* **Task requirements**
Among the entries below, only the lines from the one with "同一时间大面积失效,那一瞬间" through the one with "This page presents" are to be retyped, exactly and without pictures.
──────── Source data ────────
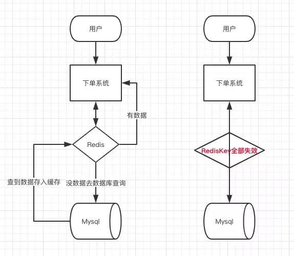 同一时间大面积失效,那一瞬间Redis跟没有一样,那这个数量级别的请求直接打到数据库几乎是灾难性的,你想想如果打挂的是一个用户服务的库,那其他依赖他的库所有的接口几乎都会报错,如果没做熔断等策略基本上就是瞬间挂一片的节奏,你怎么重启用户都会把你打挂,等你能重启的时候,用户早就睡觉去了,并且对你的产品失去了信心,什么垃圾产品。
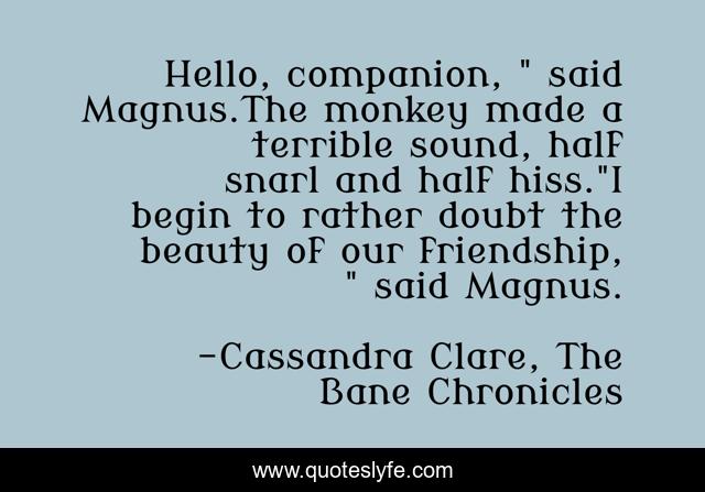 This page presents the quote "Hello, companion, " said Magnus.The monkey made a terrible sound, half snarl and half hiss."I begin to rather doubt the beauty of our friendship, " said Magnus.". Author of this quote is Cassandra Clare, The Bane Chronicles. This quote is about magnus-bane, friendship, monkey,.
────────
──────── Source data ────────
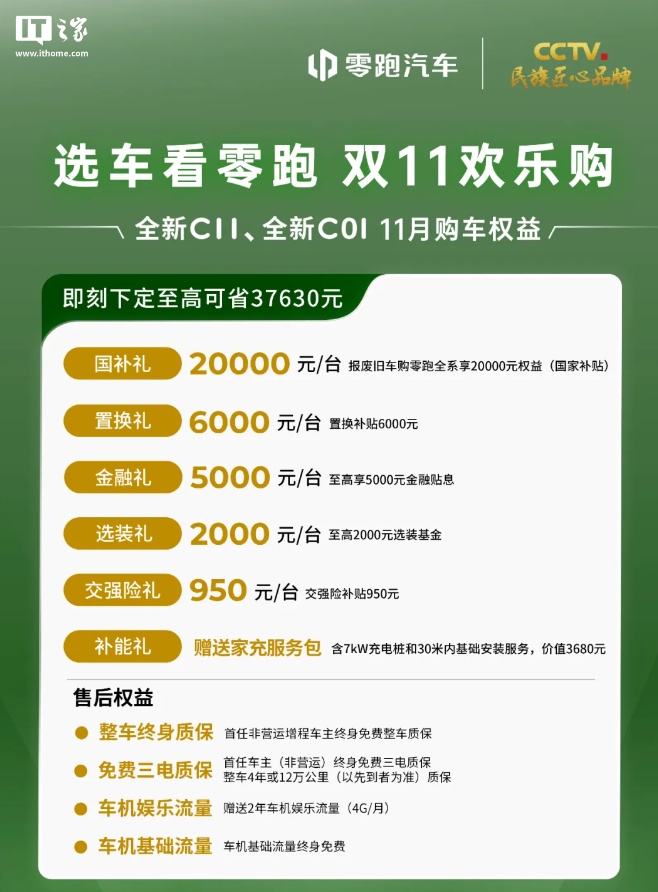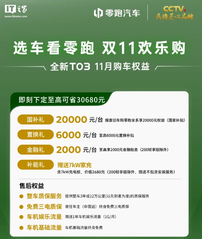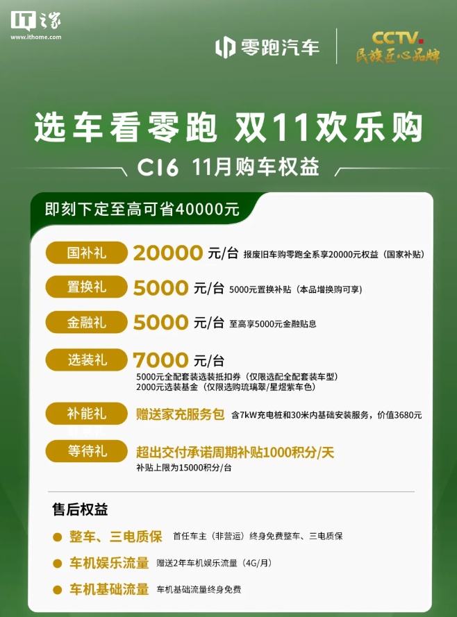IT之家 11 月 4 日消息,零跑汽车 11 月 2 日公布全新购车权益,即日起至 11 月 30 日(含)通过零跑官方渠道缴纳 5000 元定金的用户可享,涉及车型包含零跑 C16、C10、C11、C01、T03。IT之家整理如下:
────────
──────── Source data ────────
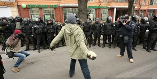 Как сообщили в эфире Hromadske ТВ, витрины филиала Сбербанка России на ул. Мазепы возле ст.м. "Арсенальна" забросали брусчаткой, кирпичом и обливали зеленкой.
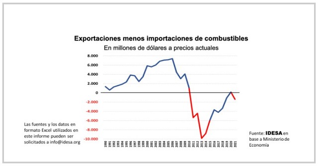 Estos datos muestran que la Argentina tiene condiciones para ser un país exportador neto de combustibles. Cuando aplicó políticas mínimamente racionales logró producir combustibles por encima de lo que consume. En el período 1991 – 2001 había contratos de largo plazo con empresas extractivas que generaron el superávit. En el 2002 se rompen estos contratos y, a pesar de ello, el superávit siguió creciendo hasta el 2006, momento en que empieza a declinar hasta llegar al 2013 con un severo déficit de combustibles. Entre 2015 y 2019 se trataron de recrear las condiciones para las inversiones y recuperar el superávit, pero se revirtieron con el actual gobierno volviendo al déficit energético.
────────
* **Expected answer**
 同一时间大面积失效,那一瞬间Redis跟没有一样,那这个数量级别的请求直接打到数据库几乎是灾难性的,你想想如果打挂的是一个用户服务的库,那其他依赖他的库所有的接口几乎都会报错,如果没做熔断等策略基本上就是瞬间挂一片的节奏,你怎么重启用户都会把你打挂,等你能重启的时候,用户早就睡觉去了,并且对你的产品失去了信心,什么垃圾产品。
 This page presents the quote "Hello, companion, " said Magnus.The monkey made a terrible sound, half snarl and half hiss."I begin to rather doubt the beauty of our friendship, " said Magnus.". Author of this quote is Cassandra Clare, The Bane Chronicles. This quote is about magnus-bane, friendship, monkey,.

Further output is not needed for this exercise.